Today I bought a new angelfish to go with the 3 I already have, but when I looked at it a few mins ago it had been beaten up by the others, so I decided to move the older ones into a tank with larger fish in as this had always been my plan (they were in my tank with small fish while they were growing)
well they are not quite as big as I was hoping for but I added them to the other tank - and they looked to be doing well.

I then thought that the new one might be better in that tank also - since the older ones are still establishing themselves thay shouldn't be as aggressive towards it.

Bad move - as soon as it was in the water my 10" Tyre-track eel grabbed it by its head and raced all round the tank holding this poor angelfish.

well after about 2 mins I finally seperated them and to no suprise the angel was taking its final breaths.

What an amazing performance from the eel though - it really was amazing!
I have kept spiney eels for in total about 2 years and this was totally suprising and shocking - for all you fans of predatory fish - get a large spiney eel!!!!

needless to say I removed all of my angelfish from that tank and I am waiting a bit longer so they are bigger before they will finally make home in that tank.


----------



## cfr3 (Feb 20, 2003)

too bad you didn't get to make a vid of that.

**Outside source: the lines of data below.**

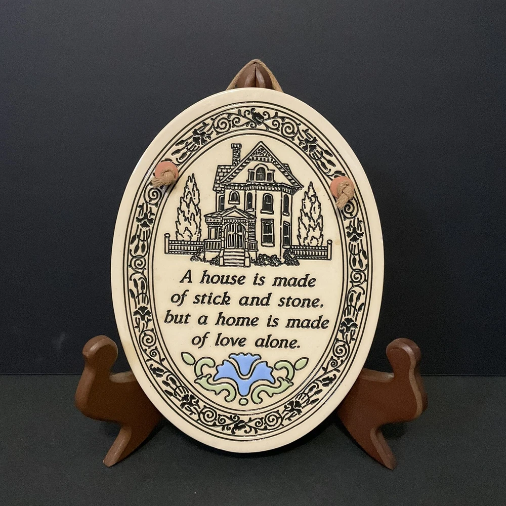 Welcome Phantom Fables Spooner Creek Wisconsin decorative art tile “ A house is made of stick and stone, but a home is made of love alone ” Leather hanging strap . Light wear , no cracks or chips Measurements take at widest point: Height-7.5 inches Width-5.5 inches
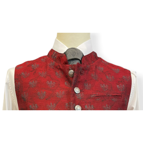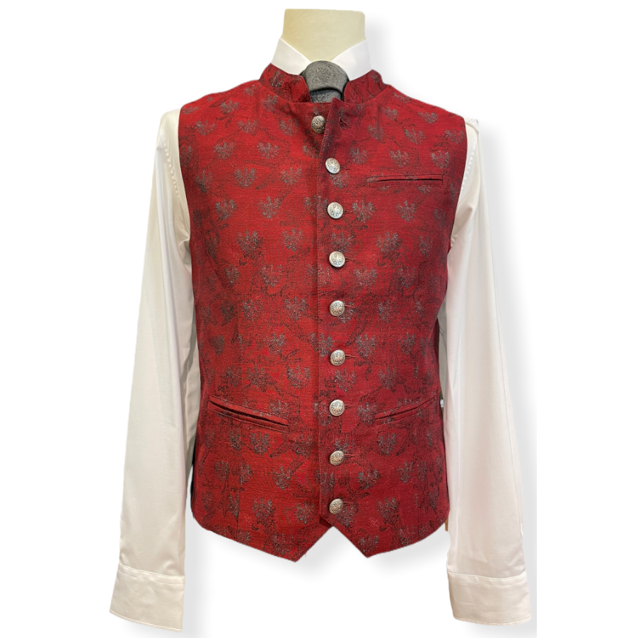 Unsere neueste Tiroler Weste Jakob aus der Hedwig Rauscher (Heu&Stroh) Kollektion in rot aus einem schönen Stoff mit eingewebten Adlern.
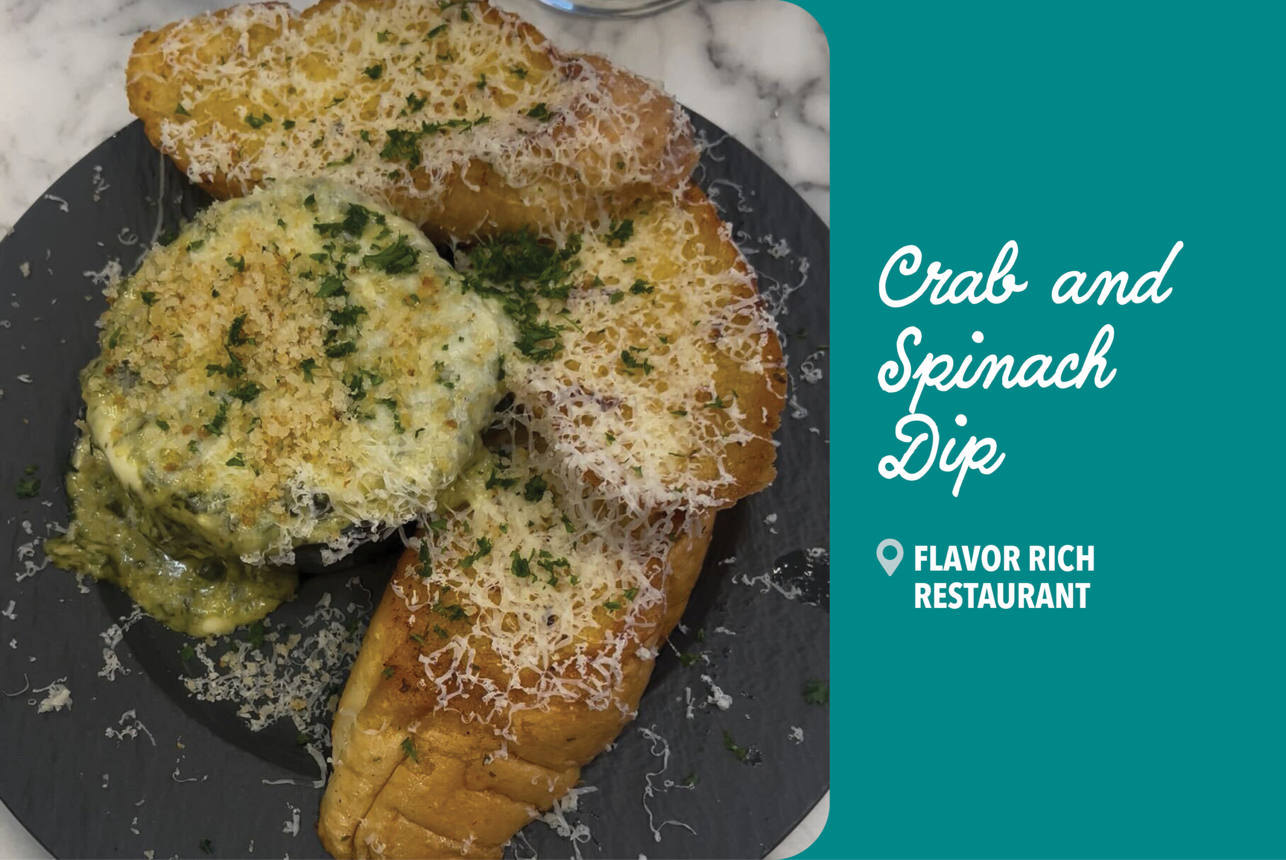 We’ve chosen to highlight the crab and spinach dip from their lunch menu, the perfect appetizer to share with your fellow foodie lovers! This dish features fresh lump crab mixed into a decadent creamy spinach dip that’s topped with Parmesan cheese and toasted bread crumbs. Picture a layer of fluffy, freshly grated cheese placed perfectly on top of the dip. Served on the side is garlic bread that also has a heaping portion of Parmesan cheese. This dish is truly perfection on a plate. It has the perfect amount of richness and creaminess from the spinach dip to eat alongside the toasty garlic bread.
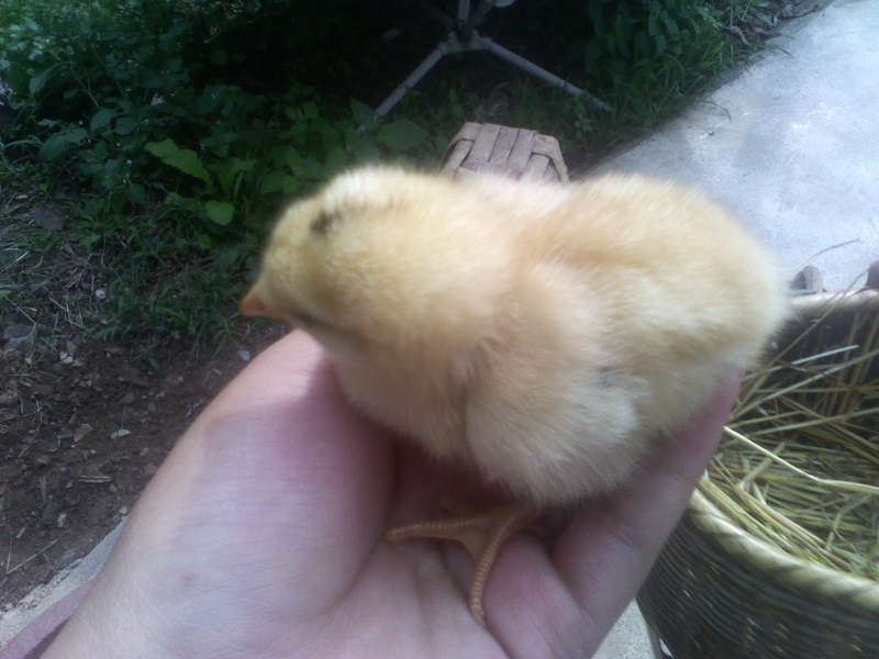 我忍不住伸出了手,轻轻的把一只毛绒绒小鸡放在手心上,内心有说不出的喜悦。它在我手中四处观望着、蹒跚着、叽喳着,好像很不适应这里的环境,眼看它歪扭着马上要掉下去,我立即将它送回到它母亲身边。
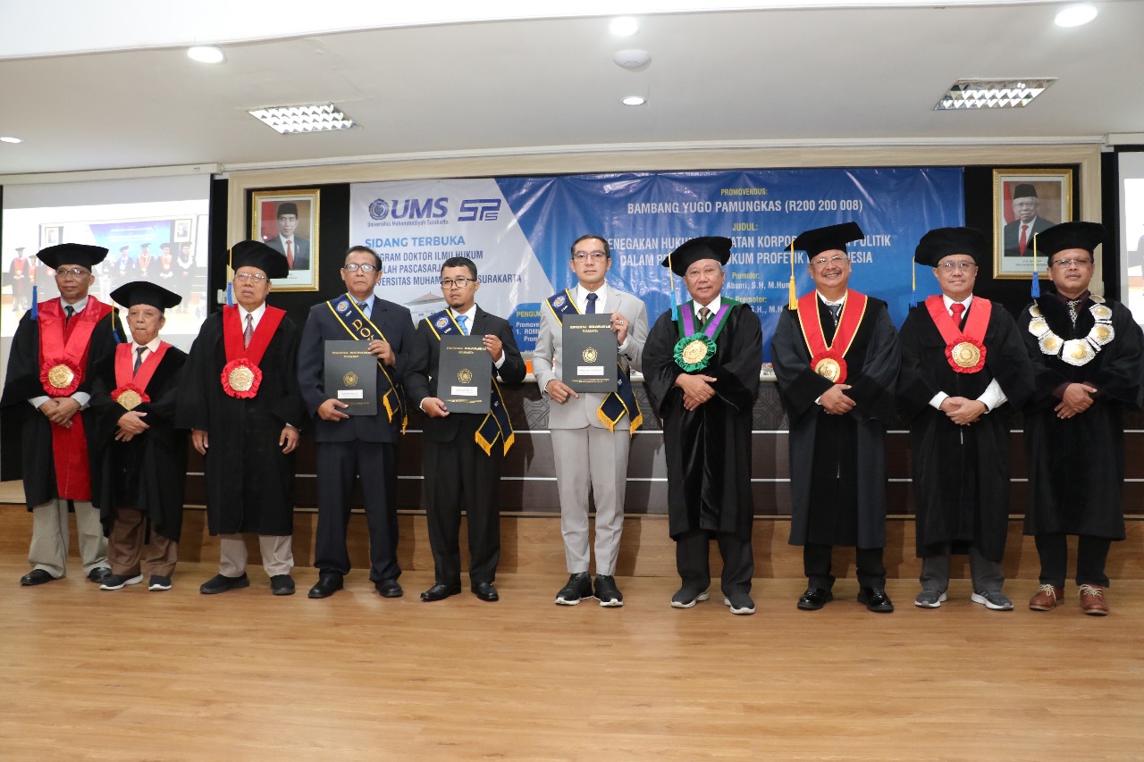 Selain itu, juga dikukuhkan sebagai Doktor Ilmu Hukum UMS atas nama dan Dr., Romi Saputra, SH., MH., menjadi Doktor Ilmu Hukum ke-73 dan Dr., Budi Santoso, M.Si., menjadi Doktor Ilmu Hukum ke-74.

It must have been pretty impressive.


----------



## Death in #'s (Apr 29, 2003)

THAT WOULD OF BEEN TATOLLY AWESOME TO SEE THAT.SORRY TO HEAR ABOUT YOUR FISH THOUGH


----------



## Innes (Jan 13, 2003)

I am not planning on making an eel video - sorry guys

to put this into maths it is:

If you add







to









you will end up with


----------



## thePACK (Jan 3, 2003)

sorry to hear that..that sucks...


----------



## pcrose (Mar 9, 2003)

Poor angelfish


----------



## NIKE (Jan 27, 2003)

thanks innes for the pics,







it wasn't to hard to figure out what happened







but now you no.


----------



## CoolD (Apr 16, 2003)

that angel fish looks so much cooler than the girly ones i have seen
nice fish innes!


----------



## Innes (Jan 13, 2003)

well those pics are not mine, but they do look like the fish in question


----------



## plonker_from_mars (May 1, 2003)

oh well it was only a feeder fish


----------



## Innes (Jan 13, 2003)

well it wasn't ment to be - it cost £4


----------



## yonderway (Apr 28, 2003)

Four pounds? Crikey that's a big fish!

Oh BTW - Eel is a very tasty fish. If they get too big, take 'em to the nearest sushi joint. I kid you not, eel is one of the tastiest fish you'll ever eat.


----------



## Innes (Jan 13, 2003)

well I'm a vegetarian so I'm not going to eat it, and the angelfish was not big - just expensive









it was about 1.5-2" long - the eel is 10"


----------



## dead golfish (Apr 24, 2003)

poor angelfish well you live and you learn


----------